The primary aim of this study was to elucidate the molecular mechanisms underlying the interaction between B. velezensis XY40-1 and C. capsici. Our findings demonstrated that B. velezensis substantially enhances its inhibitory effect on C. capsici and promotes crop health following acid-resistant domestication (Fig. 1). The antifungal strategy employed by B. velezensis is often multifaceted. Transcriptome analysis of B. velezensis in response to C. capsici revealed that the most significantly enriched metabolic pathways were related to nonribosomal peptide structures and the biosynthesis of phenylalanine, tyrosine, and tryptophan (Fig. 3). Surfactin, synthesized from nonribosomal peptide structures, exhibits stability across a broad pH range (24). Surfactin plays a key role in biocontrol by facilitating biofilm formation in Bacillus. By disrupting the biofilms of plant pathogens, this process can lead to cell damage and death, thereby inducing systemic resistance in plants (25). In the study, the expression of the srfAA, srfAC, and srfAD genes, which encode the srfA manipulator in the nonribosomal peptide pathway, was found to be downregulated (Fig. 5 and 6). Similarly, the downregulation of the srfAD gene in B. velezensis was observed following infection by C. gloeosporioides (20). Wang et al. showed that B. velezensis precisely regulates the expression of srfAD and related genes to synthesize surfactin and control the metabolic pathway in response to C. gloeosporioides infections (20). This suggests that despite a reduction in surfactin production, it still exhibited a significant antagonistic effect on C. capsici. Moreover, the core genes trpE and trpD were upregulated in B. velezensis (Fig. 5 and 6), playing a critical role in the regulation of phenylalanine, tyrosine, and tryptophan biosynthesis. Among these, tryptophan serves as a precursor for the production of IAA through enzymatic conversion. The upregulation of the trpC gene further supports this process, as it directly participates in IAA biosynthesis. Zaid DS et al. (26) identified the genes trpA, trpB, trpC, trpD, trpE, and trpF in the Bacillus velezensis HNA3 genome as being involved in IAA production. The increase in IAA promotes the growth and root development of Capsicum. These findings suggest that B. velezensis was involved in IAA synthesis through amino acid metabolism in response to C. capsici.

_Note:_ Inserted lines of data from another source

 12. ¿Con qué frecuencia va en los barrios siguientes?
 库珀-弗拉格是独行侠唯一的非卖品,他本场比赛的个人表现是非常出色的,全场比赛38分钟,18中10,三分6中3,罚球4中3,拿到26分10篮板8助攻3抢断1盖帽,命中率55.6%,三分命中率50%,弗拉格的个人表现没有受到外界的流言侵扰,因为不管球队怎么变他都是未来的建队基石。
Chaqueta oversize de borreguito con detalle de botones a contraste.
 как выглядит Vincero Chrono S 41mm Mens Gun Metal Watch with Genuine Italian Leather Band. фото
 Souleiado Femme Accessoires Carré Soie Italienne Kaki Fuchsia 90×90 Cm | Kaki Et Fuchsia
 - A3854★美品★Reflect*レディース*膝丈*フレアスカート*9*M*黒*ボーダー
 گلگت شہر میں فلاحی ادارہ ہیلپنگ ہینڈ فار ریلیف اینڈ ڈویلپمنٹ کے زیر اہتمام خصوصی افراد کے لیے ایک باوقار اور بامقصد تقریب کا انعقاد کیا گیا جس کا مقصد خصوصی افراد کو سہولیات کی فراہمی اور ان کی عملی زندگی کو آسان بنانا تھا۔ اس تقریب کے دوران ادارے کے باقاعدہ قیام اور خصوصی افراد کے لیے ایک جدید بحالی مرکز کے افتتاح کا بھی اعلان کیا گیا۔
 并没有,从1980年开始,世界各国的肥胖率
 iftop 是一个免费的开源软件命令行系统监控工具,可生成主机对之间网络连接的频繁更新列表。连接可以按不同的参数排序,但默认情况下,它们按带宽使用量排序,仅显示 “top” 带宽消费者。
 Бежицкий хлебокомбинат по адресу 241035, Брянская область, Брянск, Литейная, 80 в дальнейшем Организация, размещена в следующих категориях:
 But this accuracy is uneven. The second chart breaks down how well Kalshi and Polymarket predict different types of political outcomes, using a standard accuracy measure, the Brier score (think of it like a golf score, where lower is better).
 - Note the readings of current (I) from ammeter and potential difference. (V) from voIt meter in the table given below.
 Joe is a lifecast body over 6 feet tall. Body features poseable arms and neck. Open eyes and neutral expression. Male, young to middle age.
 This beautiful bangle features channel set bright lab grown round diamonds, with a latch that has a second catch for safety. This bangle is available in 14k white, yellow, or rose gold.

In co-cultured PDA agar plates, C. capsici growth was inhibited and exhibited rhombus-shaped morphology (Fig. 1). Transcriptomic analysis revealed that PPI core genes were associated with glycine, serine and threonine metabolism, carotenoid biosynthesis, ribosome, and protein processing in endoplasmic reticulum pathways (Fig. 4). For instance, the downregulation of the gene (for) encoding serine hydroxymethyltransferase (SHMT) can have significant implications for both C. capsici and B. velezensis. First, reduced SHMT activity may result in decreased accumulation of serine, glycine, and 5,10-methylene THF (27). For C. capsici, this condition affects nucleotide synthesis, leading to a slowing down of fungal growth in response to bacterial attack. Meanwhile, for B. velezensis, serine is an essential amino acid for bacterial growth, and the reduction of glycine may limit the utilization of nitrogen sources by B. velezensis, thereby inhibiting its proliferation. Furthermore, previous studies have shown that serine has antioxidant and cytoprotective effects on HUVECs by inducing antioxidant factors such as Nrf2, HO-1, and NO (28). Although the relationship between SHMT and ROS resistance in C. capsici has not been explicitly studied, it is plausible to hypothesize that serine could enhance fungal resistance to reactive oxygen species (ROS) generated by B. velezensis. In addition, carotenoids produced through the upregulation of ylo-1 possess antioxidant properties and can enhance self-resistance by scavenging DPPH radicals, reducing antioxidant capacity, and inhibiting lipid peroxidation activity (29). Furthermore, the downregulation of cns1, a gene involved in the ribosomal pathway, and sil1, a gene associated with protein processing in the endoplasmic reticulum, suggests a decline in mitochondrial function and endoplasmic reticulum homeostasis in C. capsici cells (30, 31), which weakens its defense mechanisms (Fig. 5 and 6). Overall, C. capsici likely defends itself against B. velezensis through oxidative stress response, restriction of bacterial nutrient competition, and maintenance of cellular homeostasis.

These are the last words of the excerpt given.